That's a real good light, and made my list, too, but don't pay $40 for it -- you get all the same kit plus a belt clip for $30 at Walmart -- on the shelf below the original belt-clipless one, which is still priced at $40. :shrug: The belt clip is kinda awkward, with a push-to-release button on the wrong end, but if you remove the retention claws and button entirely, and bevel the end of the rail for easy re-attachment, it's pretty decent. Even if you throw it out, you save $10...
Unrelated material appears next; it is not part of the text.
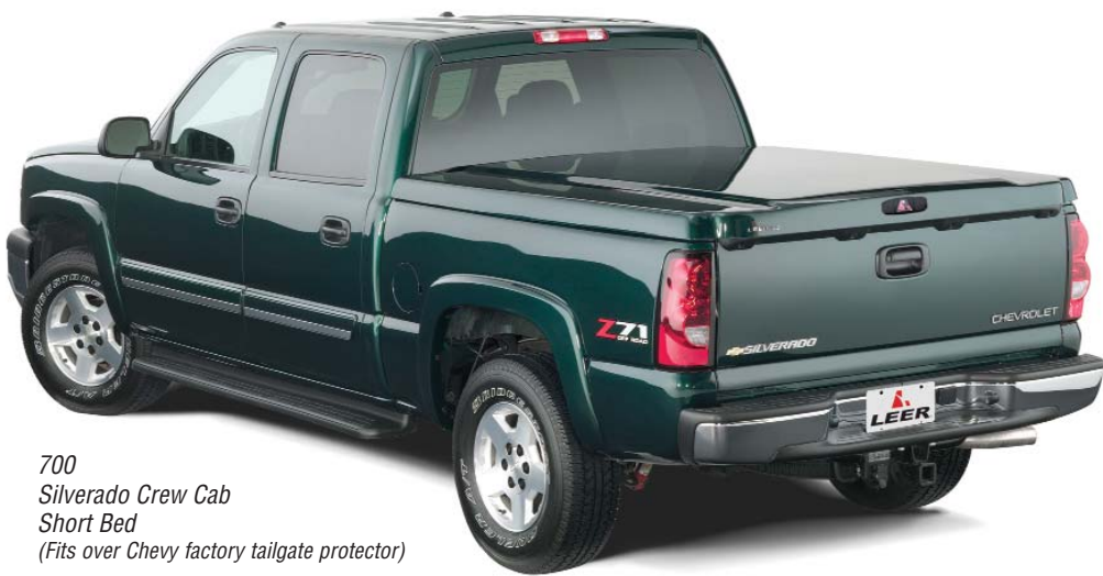
700 Silverado Crew Cab Short Bed (Fits over Chevy factory tailgate protector)

I dislike the noise, and the not-starting-on-high, but ScottFHall made a mod for the start issue, and silencing the beeper should be as easy as clipping a wire. I picked up a second one when the $30 model came out, planning to do these mods any day now...




guiri said:


> Here it is. TEmporarily sold out but that means they'll have it back in stock and cheaper than I remember it http://www.dealextreme.com/details.dx/sku.10659


No, on DX "temporarily sold out" almost always means "never coming back". 


OK, my list:
$23 Akoray K-105/K-106 -- 3-mode fully programmable, rock-solid build.
$27 Ultrafire WF-008 -- recoil thrower, only a Q5, but still quite impressive.
$30 Stanley 5W spotlight -- you heard the Gman!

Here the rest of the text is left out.